The choice of basis is a matter of convenience. For many problems (in atomic or nuclear physics) the use of Hamiltonian eigenfunctions makes calculations simpler than in other bases.

 

[Niles]

The choice of basis is a matter of convenience. For many problems (in atomic or nuclear physics) the use of Hamiltonian eigenfunctions makes calculations simpler than in other bases.

Ahh, I see.

In my book, the expectation value of momentum is defined as:

$$\left\langle p \right\rangle = \int {\psi ^* (x)\left( {\frac{\hbar }{i}\frac{d}{{dx}}} \right)} \,\psi (x)\,dx,$$

where * denotes the complex conjugate. I have written the wavefunction as a function of x to emphasize that it is the wavefunction expressed in the x-basis (i.e. the basis of the position operator).

This must imply (according to our above discussion) that the momentum-operator in the x-basis is given as:

$$\hat p = {\frac{\hbar }{i}\frac{d}{{dx}}}.$$

Questions:

1) Am I correct that it really is the momentum operator given in the x-basis?

2) If yes, then how does one find this result?

I hope I am not annoying you with my questions. Thanks in advance.


Niles.

 

[nrqed]

I have one final question, which is related to what I wrote in my first post:



Why is it that we choose to write it as a linear combination of the stationary states of the Hamiltonian, and not some other operator? Of course, as we talked about in this thread, we can express it as a linear combination of eigenfunctions of an arbitrary observable operator, but why have we chosen the Hamiltonian as the "default" operator?

Thanks in advance.

As meopemuk said, one can use any basis in principle. However, there is something special about using the eigenstates of the Hamiltonian. The hamiltonian is the generator of time translation.
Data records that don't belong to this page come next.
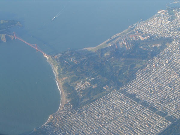 The Golden Gate Bridge, and the San Francisco Presidio.
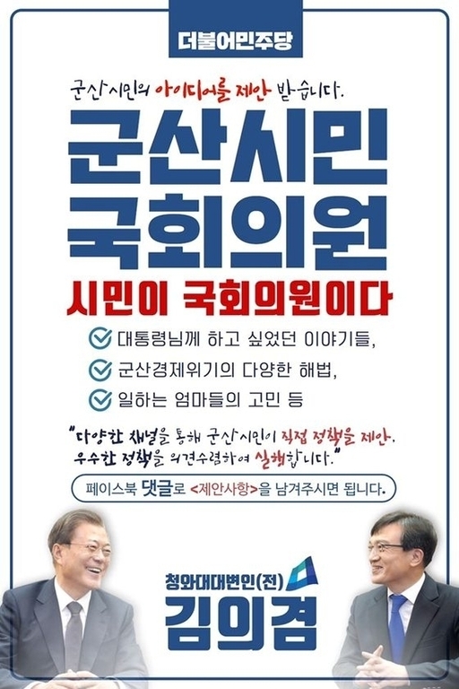 14일 정치권에 따르면 김의겸 전 대변인은 지난 9일 페이스북에 올린 총선 포스터에서 문 대통령 사진과 마주보는 사진과 함께 ‘대통령님께 하고 싶었던 이야기들’이라는 대목을 넣어 과도한 대통령 마케팅이라는 논란이 일었다.
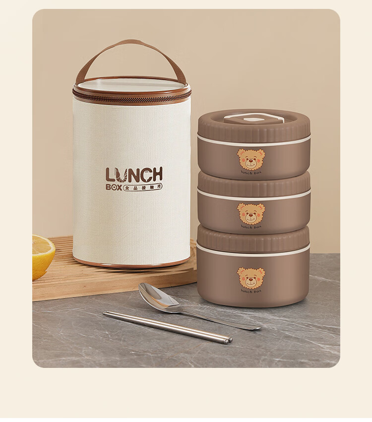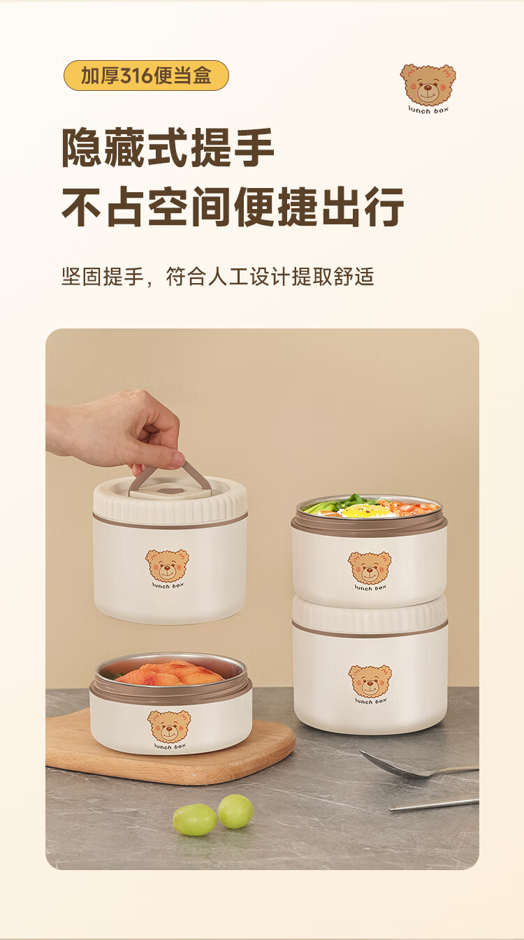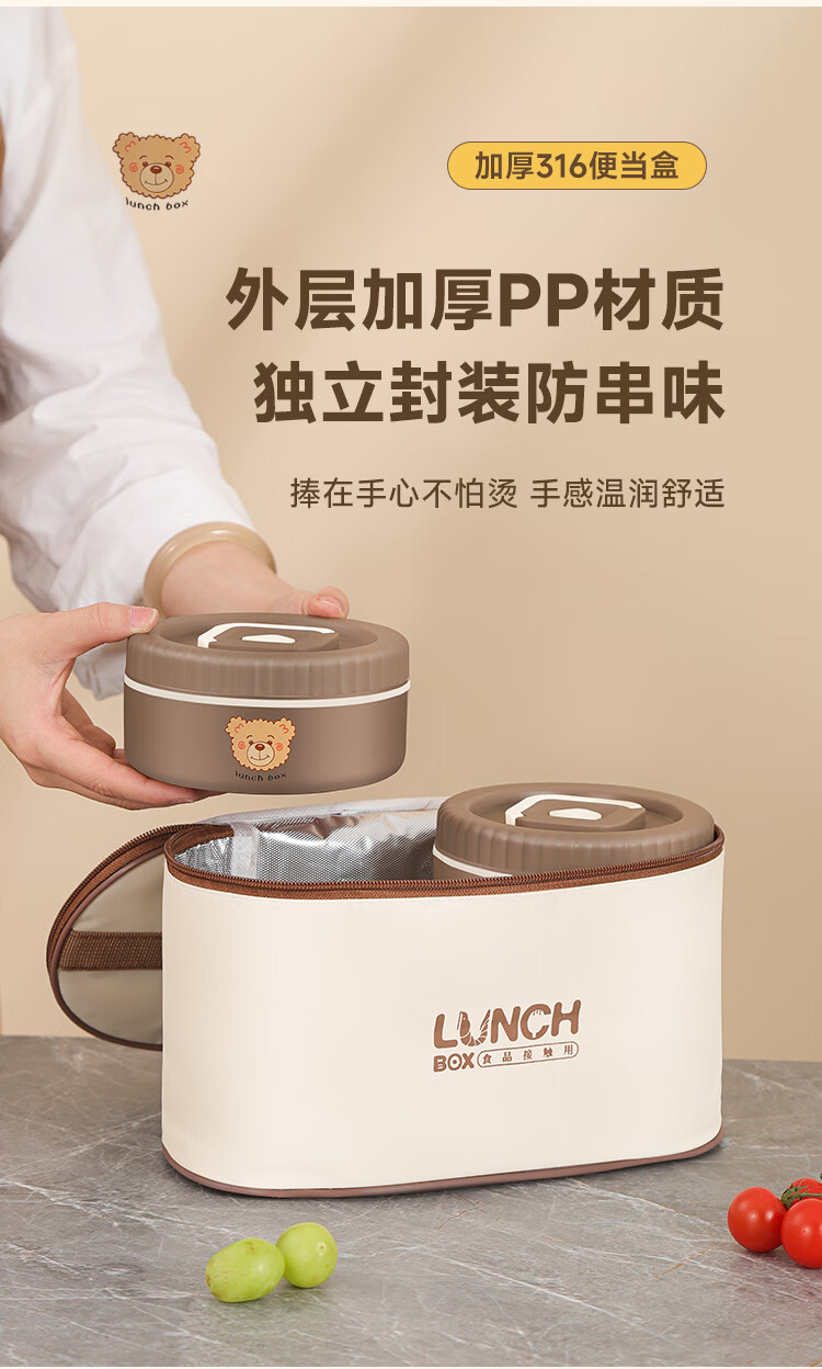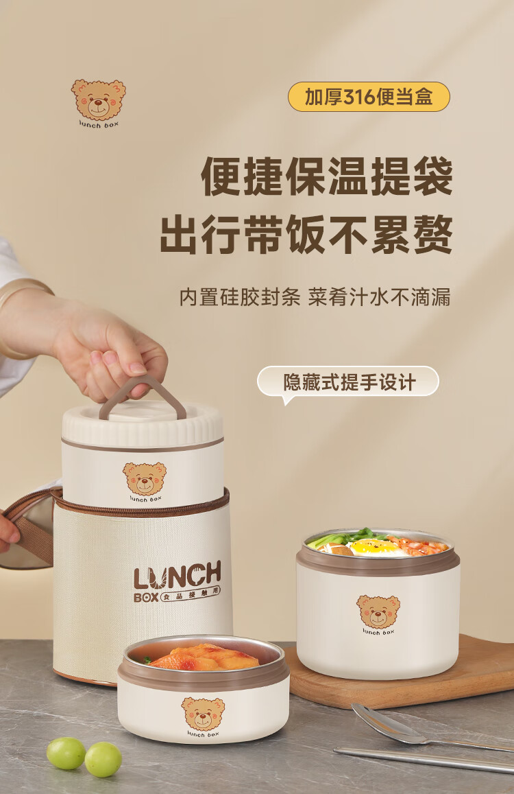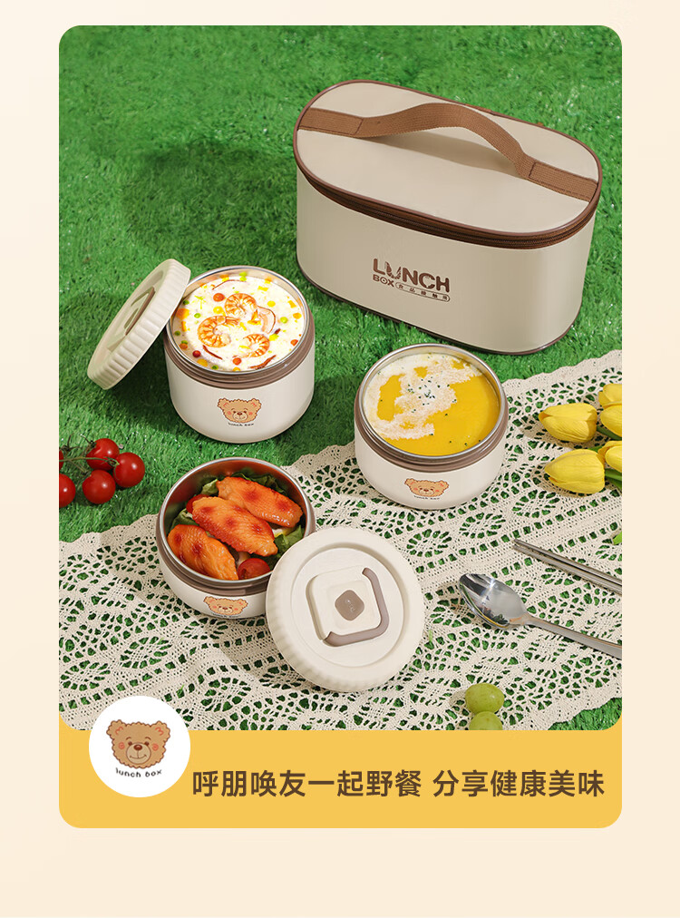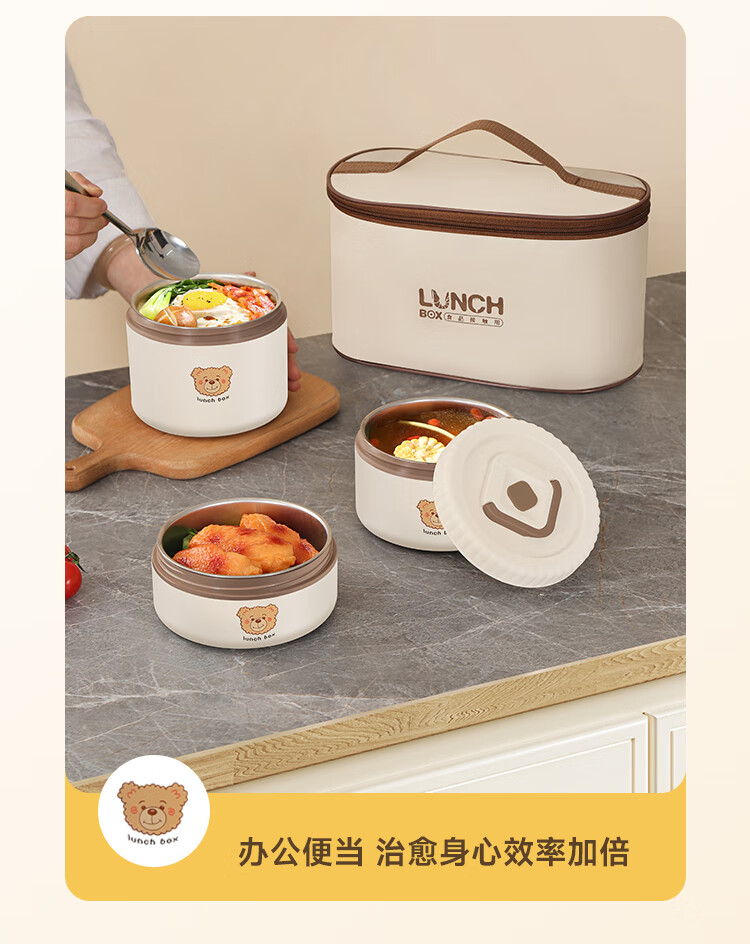 MZXM Japan imported 316 stainless steel insulated lunch box with rice artifact student lunch box microwaveable rice white-2 large + 2 extra large

What this means is that it is the eigenstates of the Hamiltonian that have simpel time evolutions. They simply evolve as $\psi_n(x) exp(-iE_n t / \hbar)$. Eigenstates of other operators do not have simple time evolutions (unless they commute with the Hamiltonian and hence share common eigenstates). So if we want to know how a wavefunction evolves with time (let's say we are given it at t =0 and want to know what it wil be at a later time), we need to expand it over the eigenstates of the Hamiltonian in order to be able to write down the time dependence.

This is what makes the eigenstates of the Hamiltonian "special" .

 

[nrqed]

1) Yes, absolutely!

2) In Quantum Mechanics, momentum is defined as the generator of translations. An infinitesimal translation shifts the system by a small amount. So we describe the action of an infinitesimal translation operator as : $$\hat T(dx) \psi (x) = \psi (x+dx)$$

Now the generator of any operator $$\hat T$$ can be written as

$$\hat T(dx) = 1-\i \hat K dx$$

Again by Taylor expansion to the first order,
$$\psi(x+dx) = \psi(x) + dx \partial_x \psi(x)$$

So you can see that K is just $$\frac{1 }{i} \frac{d}{{dx}}$$ . The $$\hbar$$ is multiplied to the generator of translator to get the dimensions right for the units we have chosen to work with.

I fixed the TeX

 

[xboy]

Thanks a lot, nrged [:

 

[xboy]

I should add that in the second equation, $$\hat K$$ is the generator.

 

[Niles]

Great, thanks for taking the time to answer all my question to all three of you. It is very nice to get answers and derivations to these questions. I really appreciate it.